EXERCISE AIM: All that belongs in the answer is the lines from the one containing "近年来,随着手机、电脑、液晶" to the end of the listing below, copied exactly, pictures excluded.
::: DATA BELOW :::
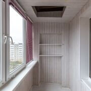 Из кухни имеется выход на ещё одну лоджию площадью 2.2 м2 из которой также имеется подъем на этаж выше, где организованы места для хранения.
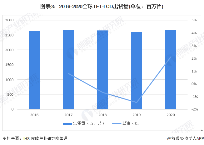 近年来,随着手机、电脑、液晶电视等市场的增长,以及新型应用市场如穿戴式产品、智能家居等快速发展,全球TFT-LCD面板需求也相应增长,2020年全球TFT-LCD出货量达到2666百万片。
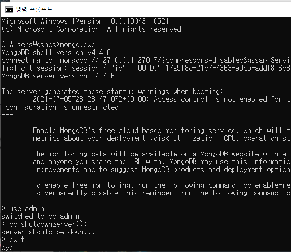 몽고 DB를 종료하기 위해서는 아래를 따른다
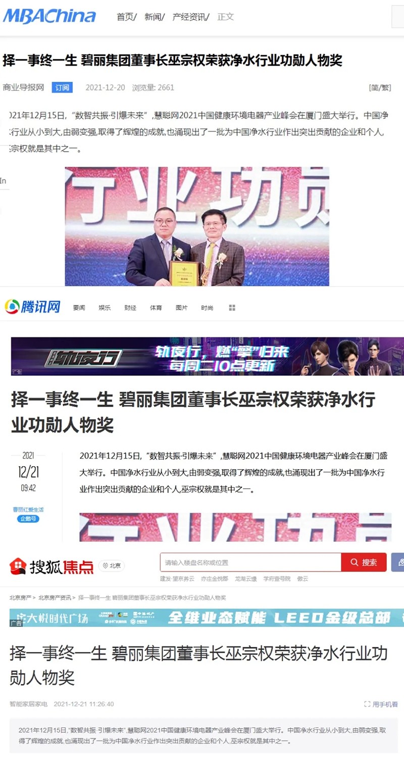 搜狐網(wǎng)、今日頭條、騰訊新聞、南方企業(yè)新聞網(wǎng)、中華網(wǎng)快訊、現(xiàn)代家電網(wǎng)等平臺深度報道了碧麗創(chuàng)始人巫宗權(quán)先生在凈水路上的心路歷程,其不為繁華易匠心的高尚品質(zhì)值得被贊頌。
:::
SOLUTION FOR THIS TASK:
 近年来,随着手机、电脑、液晶电视等市场的增长,以及新型应用市场如穿戴式产品、智能家居等快速发展,全球TFT-LCD面板需求也相应增长,2020年全球TFT-LCD出货量达到2666百万片。
 몽고 DB를 종료하기 위해서는 아래를 따른다
 搜狐網(wǎng)、今日頭條、騰訊新聞、南方企業(yè)新聞網(wǎng)、中華網(wǎng)快訊、現(xiàn)代家電網(wǎng)等平臺深度報道了碧麗創(chuàng)始人巫宗權(quán)先生在凈水路上的心路歷程,其不為繁華易匠心的高尚品質(zhì)值得被贊頌。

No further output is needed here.